## Assignment
Note on the material below: return exactly the lines from the line that holds "Nowy gatunek został" through the line that holds "This groovy purple", and leave out each picture.

## Provided records
+ + + + + + +
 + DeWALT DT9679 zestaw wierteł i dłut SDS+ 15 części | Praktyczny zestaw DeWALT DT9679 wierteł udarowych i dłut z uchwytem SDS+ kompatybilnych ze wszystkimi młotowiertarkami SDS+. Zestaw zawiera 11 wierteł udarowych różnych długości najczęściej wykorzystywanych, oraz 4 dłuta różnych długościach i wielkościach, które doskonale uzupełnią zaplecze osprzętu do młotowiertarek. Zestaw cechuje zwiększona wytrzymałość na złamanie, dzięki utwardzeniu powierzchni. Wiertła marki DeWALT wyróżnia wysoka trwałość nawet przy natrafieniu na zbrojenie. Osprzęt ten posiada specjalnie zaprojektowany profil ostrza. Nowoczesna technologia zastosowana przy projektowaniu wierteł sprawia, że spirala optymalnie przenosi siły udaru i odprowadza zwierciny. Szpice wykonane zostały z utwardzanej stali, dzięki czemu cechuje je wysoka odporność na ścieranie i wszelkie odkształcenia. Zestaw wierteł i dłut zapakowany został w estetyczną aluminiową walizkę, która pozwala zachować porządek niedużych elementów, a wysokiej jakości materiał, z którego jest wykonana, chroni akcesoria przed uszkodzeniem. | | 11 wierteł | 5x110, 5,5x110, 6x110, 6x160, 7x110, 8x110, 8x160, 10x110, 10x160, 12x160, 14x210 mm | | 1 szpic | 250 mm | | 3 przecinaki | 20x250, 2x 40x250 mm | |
+ + + + + + +
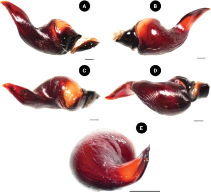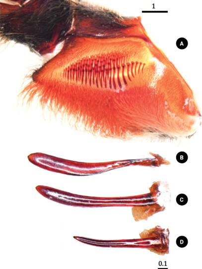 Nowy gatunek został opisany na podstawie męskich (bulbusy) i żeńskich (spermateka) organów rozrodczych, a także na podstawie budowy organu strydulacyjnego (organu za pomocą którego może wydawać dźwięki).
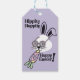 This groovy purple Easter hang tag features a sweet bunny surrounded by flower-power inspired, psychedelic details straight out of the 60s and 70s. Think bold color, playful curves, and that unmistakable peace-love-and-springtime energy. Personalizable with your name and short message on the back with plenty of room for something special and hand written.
+ + + + + + +
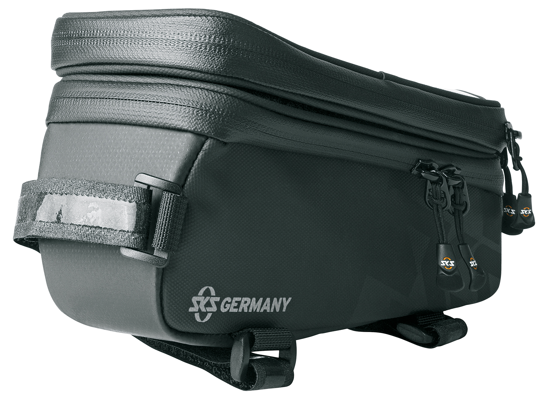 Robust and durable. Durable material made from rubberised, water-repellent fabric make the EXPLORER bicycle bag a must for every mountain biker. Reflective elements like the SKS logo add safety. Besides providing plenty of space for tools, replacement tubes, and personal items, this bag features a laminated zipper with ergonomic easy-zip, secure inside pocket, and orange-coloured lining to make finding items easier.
+ + + + + + +
## Output
 Nowy gatunek został opisany na podstawie męskich (bulbusy) i żeńskich (spermateka) organów rozrodczych, a także na podstawie budowy organu strydulacyjnego (organu za pomocą którego może wydawać dźwięki).
 This groovy purple Easter hang tag features a sweet bunny surrounded by flower-power inspired, psychedelic details straight out of the 60s and 70s. Think bold color, playful curves, and that unmistakable peace-love-and-springtime energy. Personalizable with your name and short message on the back with plenty of room for something special and hand written.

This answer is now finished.